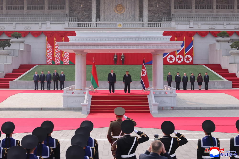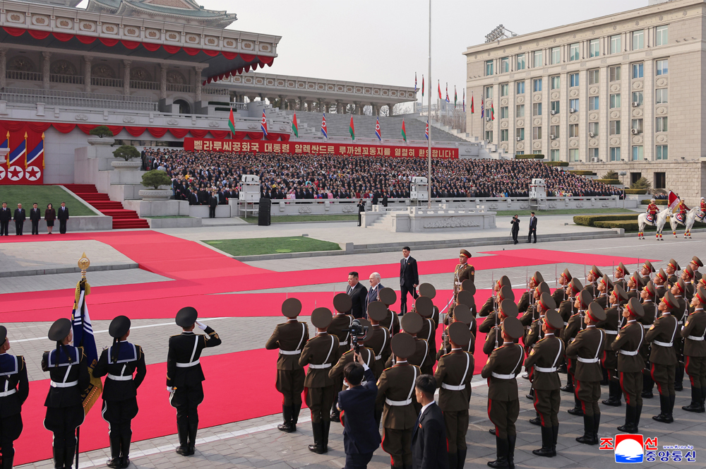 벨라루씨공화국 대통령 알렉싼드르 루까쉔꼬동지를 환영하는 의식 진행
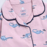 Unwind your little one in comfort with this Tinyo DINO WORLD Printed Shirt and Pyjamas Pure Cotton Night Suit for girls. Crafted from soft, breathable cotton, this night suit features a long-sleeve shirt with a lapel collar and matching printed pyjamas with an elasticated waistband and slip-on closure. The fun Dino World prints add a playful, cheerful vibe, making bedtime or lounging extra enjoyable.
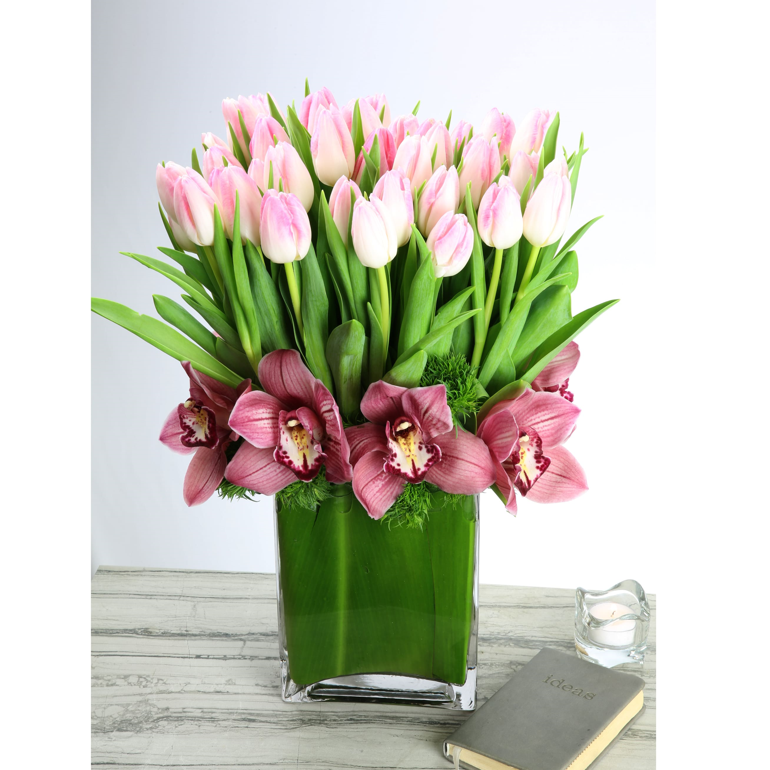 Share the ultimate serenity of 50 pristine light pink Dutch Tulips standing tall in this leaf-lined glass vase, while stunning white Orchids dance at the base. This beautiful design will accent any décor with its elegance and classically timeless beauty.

...

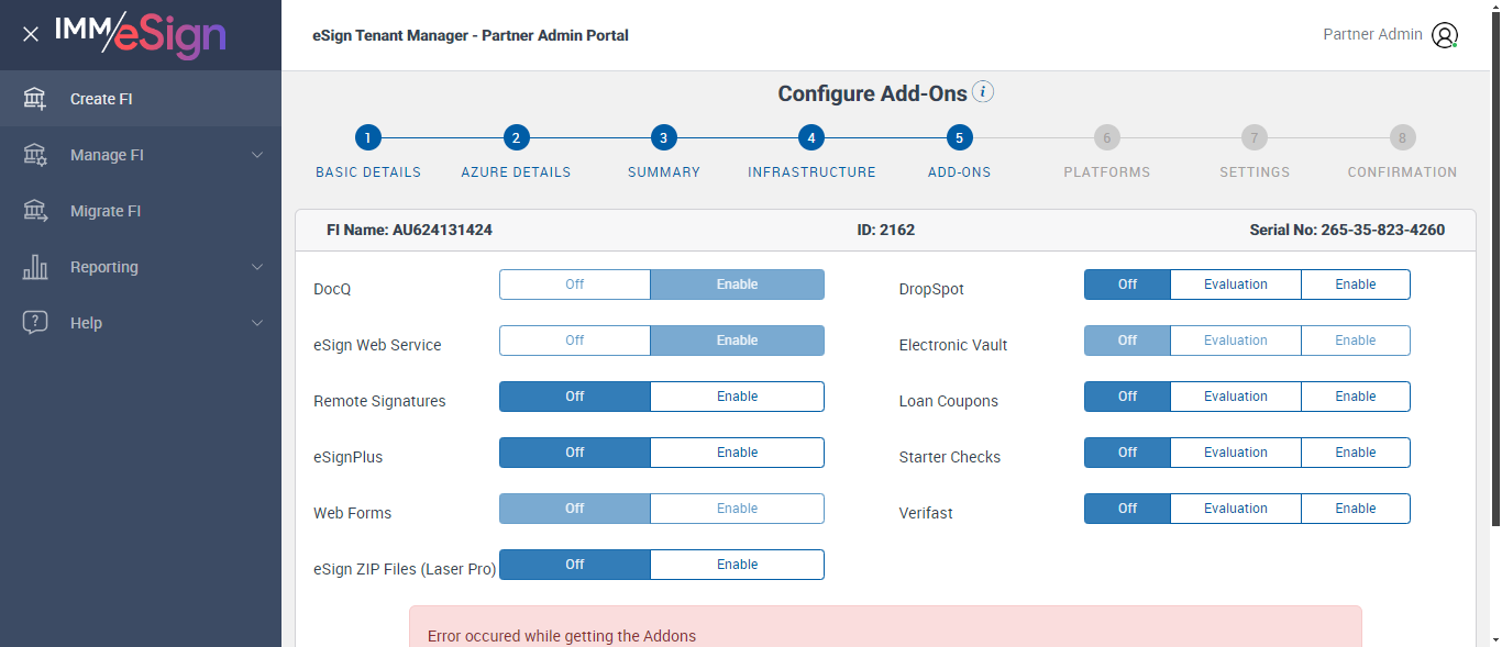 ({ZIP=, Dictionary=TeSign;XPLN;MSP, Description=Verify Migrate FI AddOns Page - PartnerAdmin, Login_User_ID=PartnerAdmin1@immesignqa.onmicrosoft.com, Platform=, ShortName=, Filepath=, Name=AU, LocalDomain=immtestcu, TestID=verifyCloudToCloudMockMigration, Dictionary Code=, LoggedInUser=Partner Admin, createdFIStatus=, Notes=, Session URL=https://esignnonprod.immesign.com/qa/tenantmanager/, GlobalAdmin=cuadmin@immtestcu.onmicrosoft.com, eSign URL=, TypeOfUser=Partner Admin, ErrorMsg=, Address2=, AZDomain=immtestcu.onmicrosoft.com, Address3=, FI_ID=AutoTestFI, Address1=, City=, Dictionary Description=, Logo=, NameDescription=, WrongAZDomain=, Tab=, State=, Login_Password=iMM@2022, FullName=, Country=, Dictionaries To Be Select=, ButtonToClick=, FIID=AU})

• _WHAT THE EXERCISE ASKS_: In the data above, the stretch from the line with "벨라루씨공화국 대통령 알렉싼드르 루까쉔꼬동지를 환영하는 의식 진행" through the line with "Unwind your little" is to be returned exactly, minus any pictures.

• _OUTPUT BELOW_:
 벨라루씨공화국 대통령 알렉싼드르 루까쉔꼬동지를 환영하는 의식 진행
 Unwind your little one in comfort with this Tinyo DINO WORLD Printed Shirt and Pyjamas Pure Cotton Night Suit for girls. Crafted from soft, breathable cotton, this night suit features a long-sleeve shirt with a lapel collar and matching printed pyjamas with an elasticated waistband and slip-on closure. The fun Dino World prints add a playful, cheerful vibe, making bedtime or lounging extra enjoyable.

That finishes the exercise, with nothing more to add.